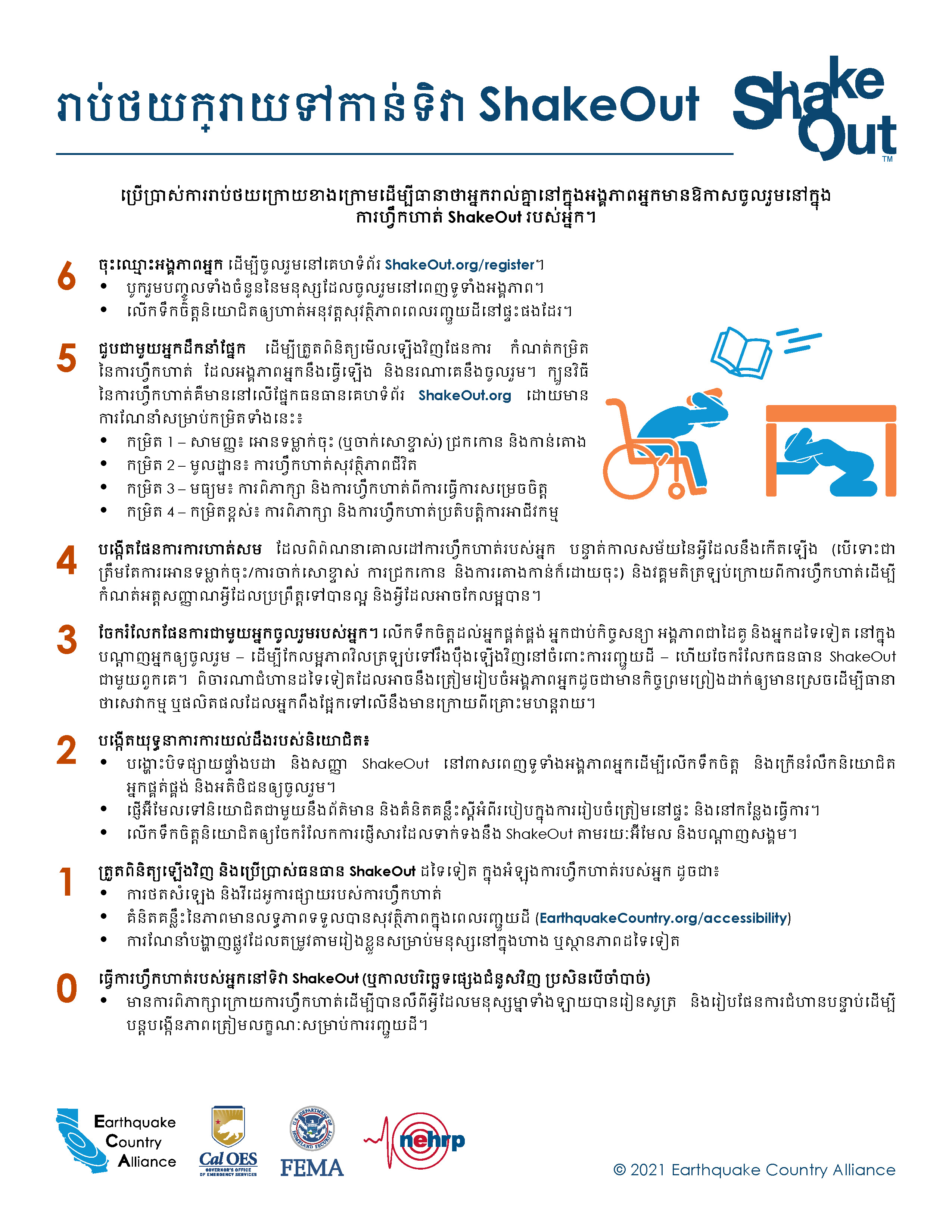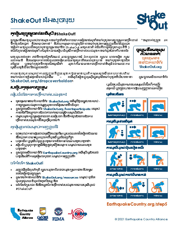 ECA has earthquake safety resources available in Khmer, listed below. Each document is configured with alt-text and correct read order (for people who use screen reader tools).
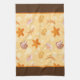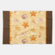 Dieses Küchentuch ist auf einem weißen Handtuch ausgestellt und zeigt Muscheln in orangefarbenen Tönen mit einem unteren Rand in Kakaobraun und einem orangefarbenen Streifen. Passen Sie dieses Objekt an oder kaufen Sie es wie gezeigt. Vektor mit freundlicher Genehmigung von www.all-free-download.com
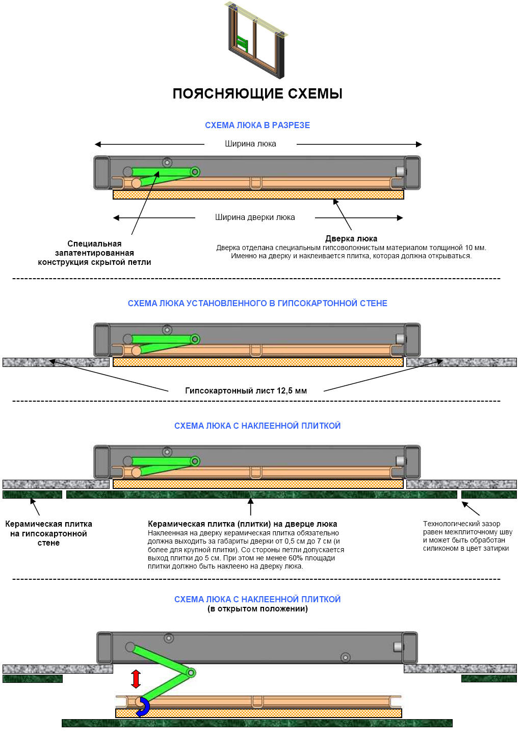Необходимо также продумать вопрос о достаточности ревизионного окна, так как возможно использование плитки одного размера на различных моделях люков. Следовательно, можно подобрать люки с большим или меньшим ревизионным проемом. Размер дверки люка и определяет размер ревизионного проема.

§ §

I need the lines from the line containing "Dieses Küchentuch ist" through the final line of the listing duplicated exactly, both ends included, with no pictures and nothing else.

 Dieses Küchentuch ist auf einem weißen Handtuch ausgestellt und zeigt Muscheln in orangefarbenen Tönen mit einem unteren Rand in Kakaobraun und einem orangefarbenen Streifen. Passen Sie dieses Objekt an oder kaufen Sie es wie gezeigt. Vektor mit freundlicher Genehmigung von www.all-free-download.com
Необходимо также продумать вопрос о достаточности ревизионного окна, так как возможно использование плитки одного размера на различных моделях люков. Следовательно, можно подобрать люки с большим или меньшим ревизионным проемом. Размер дверки люка и определяет размер ревизионного проема.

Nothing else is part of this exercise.